■ INFORMATION ■
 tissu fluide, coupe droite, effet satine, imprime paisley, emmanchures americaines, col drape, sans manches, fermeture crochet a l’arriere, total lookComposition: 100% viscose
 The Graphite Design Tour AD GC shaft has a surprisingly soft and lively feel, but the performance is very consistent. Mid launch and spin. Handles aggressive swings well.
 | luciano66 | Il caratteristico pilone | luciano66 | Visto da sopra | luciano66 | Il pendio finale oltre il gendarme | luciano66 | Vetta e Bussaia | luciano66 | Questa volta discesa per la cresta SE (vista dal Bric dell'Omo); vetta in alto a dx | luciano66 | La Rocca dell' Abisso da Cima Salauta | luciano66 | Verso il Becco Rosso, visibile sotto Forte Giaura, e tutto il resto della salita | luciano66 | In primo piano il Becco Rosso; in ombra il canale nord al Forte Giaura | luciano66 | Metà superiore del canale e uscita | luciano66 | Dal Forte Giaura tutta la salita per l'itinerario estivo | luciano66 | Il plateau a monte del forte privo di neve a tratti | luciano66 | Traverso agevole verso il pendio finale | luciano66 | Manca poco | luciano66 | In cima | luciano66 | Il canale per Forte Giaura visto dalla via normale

...

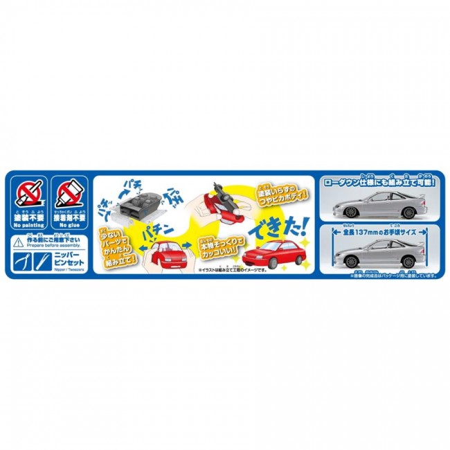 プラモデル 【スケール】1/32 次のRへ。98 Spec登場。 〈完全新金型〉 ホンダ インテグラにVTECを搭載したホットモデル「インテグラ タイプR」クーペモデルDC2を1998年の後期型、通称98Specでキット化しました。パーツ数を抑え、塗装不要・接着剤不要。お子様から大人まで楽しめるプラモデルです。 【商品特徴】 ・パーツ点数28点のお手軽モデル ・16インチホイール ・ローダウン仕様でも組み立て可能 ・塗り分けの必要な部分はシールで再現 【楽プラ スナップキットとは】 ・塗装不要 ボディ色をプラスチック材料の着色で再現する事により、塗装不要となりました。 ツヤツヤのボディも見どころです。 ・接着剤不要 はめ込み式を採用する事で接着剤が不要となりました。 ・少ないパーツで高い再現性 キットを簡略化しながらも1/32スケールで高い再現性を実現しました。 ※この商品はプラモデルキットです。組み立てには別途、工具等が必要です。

---

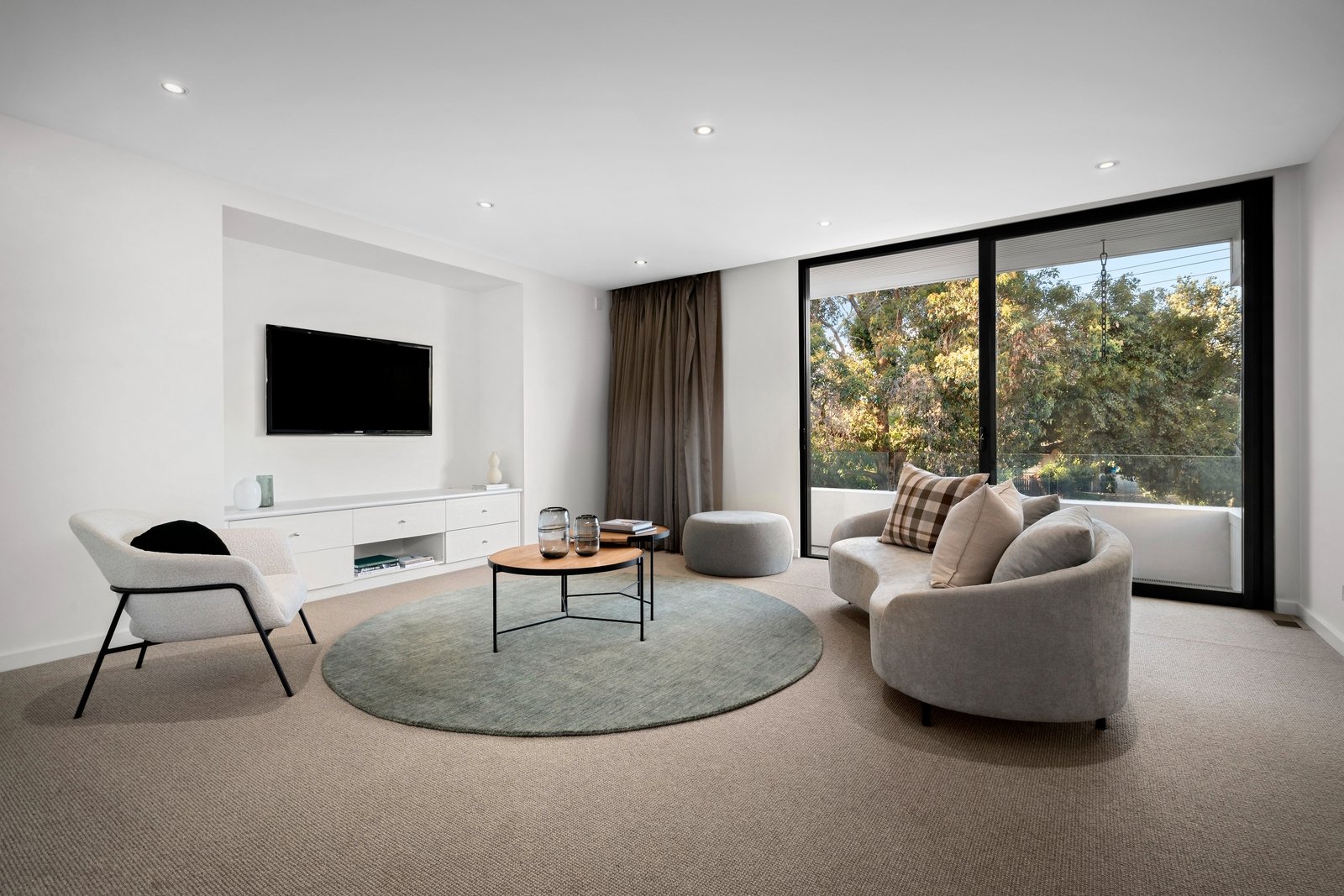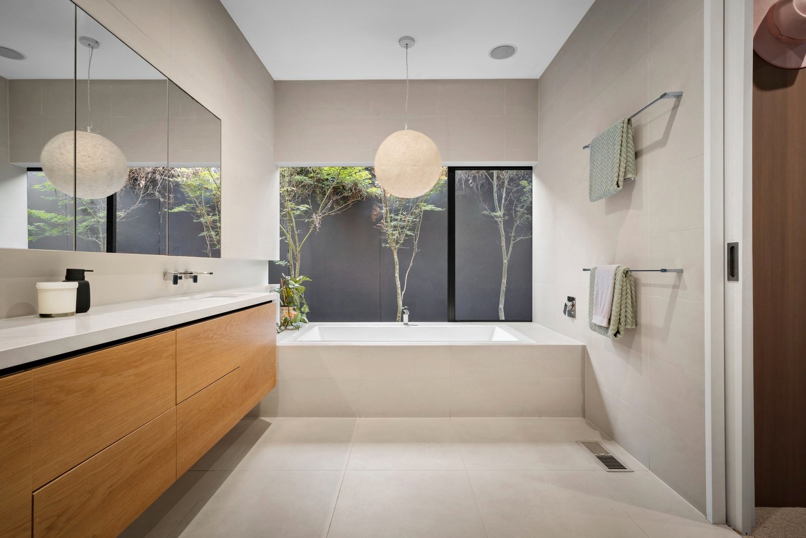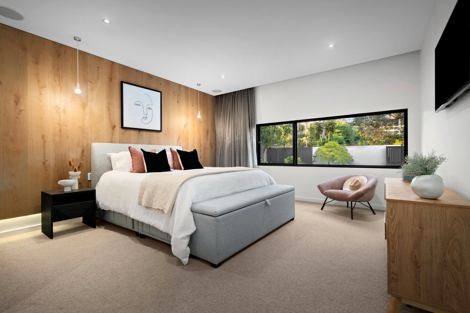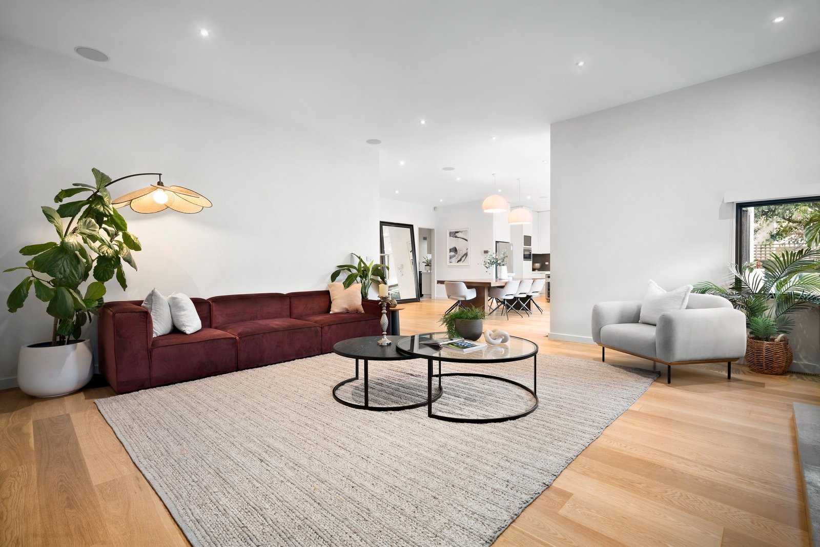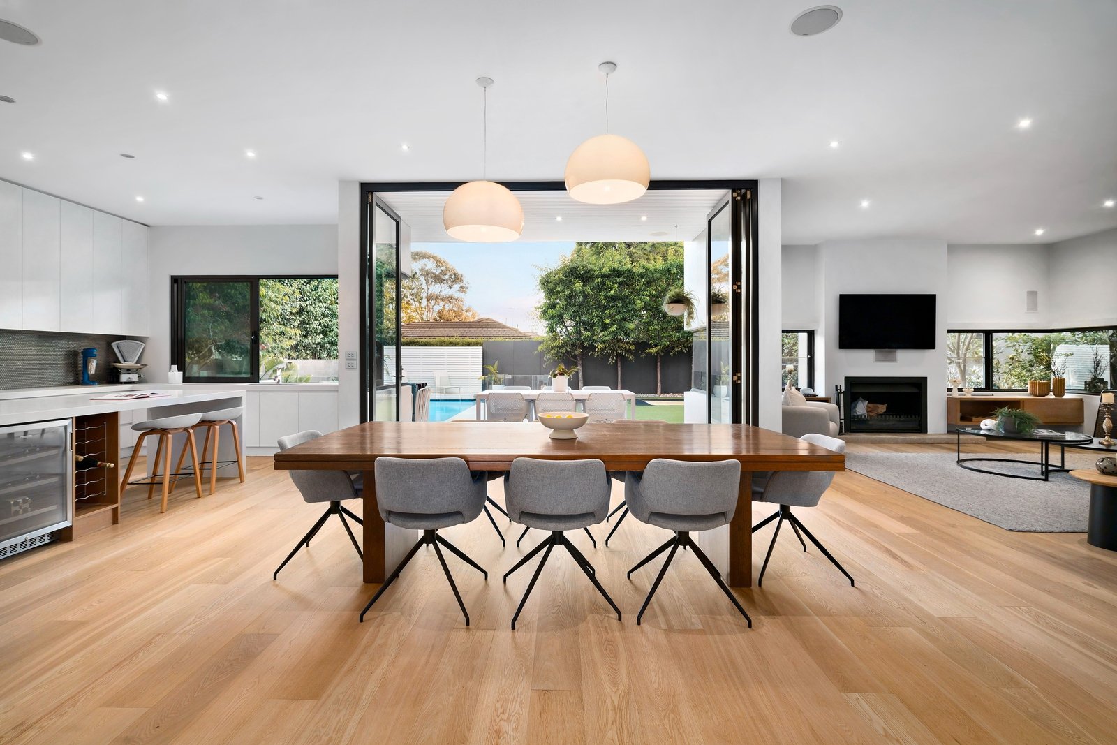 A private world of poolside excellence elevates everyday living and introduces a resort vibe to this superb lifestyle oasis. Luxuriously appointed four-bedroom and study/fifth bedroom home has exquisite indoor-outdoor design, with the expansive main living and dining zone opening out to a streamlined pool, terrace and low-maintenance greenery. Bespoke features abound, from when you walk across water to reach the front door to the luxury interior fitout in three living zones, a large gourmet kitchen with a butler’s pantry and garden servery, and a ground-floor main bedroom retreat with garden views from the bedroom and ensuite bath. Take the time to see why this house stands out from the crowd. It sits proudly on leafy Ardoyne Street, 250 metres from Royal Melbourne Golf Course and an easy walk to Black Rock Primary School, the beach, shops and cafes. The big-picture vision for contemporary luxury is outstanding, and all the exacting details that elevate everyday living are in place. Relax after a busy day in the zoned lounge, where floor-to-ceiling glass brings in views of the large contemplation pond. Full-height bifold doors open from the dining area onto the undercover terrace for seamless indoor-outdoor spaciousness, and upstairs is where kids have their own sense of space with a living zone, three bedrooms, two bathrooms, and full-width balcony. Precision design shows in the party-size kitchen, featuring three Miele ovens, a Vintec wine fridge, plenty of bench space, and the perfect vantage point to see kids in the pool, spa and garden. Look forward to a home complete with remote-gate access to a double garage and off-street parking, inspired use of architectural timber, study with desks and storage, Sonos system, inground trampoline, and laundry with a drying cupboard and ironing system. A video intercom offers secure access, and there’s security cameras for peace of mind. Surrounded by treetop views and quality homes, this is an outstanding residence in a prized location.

■ PROBLEM DESCRIPTION ■
Please reproduce, exactly as they appear above, the lines from the line containing "tissu fluide, coupe" up to and including the line containing "The Graphite Design".

■ EXERCISE ANSWER ■
 tissu fluide, coupe droite, effet satine, imprime paisley, emmanchures americaines, col drape, sans manches, fermeture crochet a l’arriere, total lookComposition: 100% viscose
 The Graphite Design Tour AD GC shaft has a surprisingly soft and lively feel, but the performance is very consistent. Mid launch and spin. Handles aggressive swings well.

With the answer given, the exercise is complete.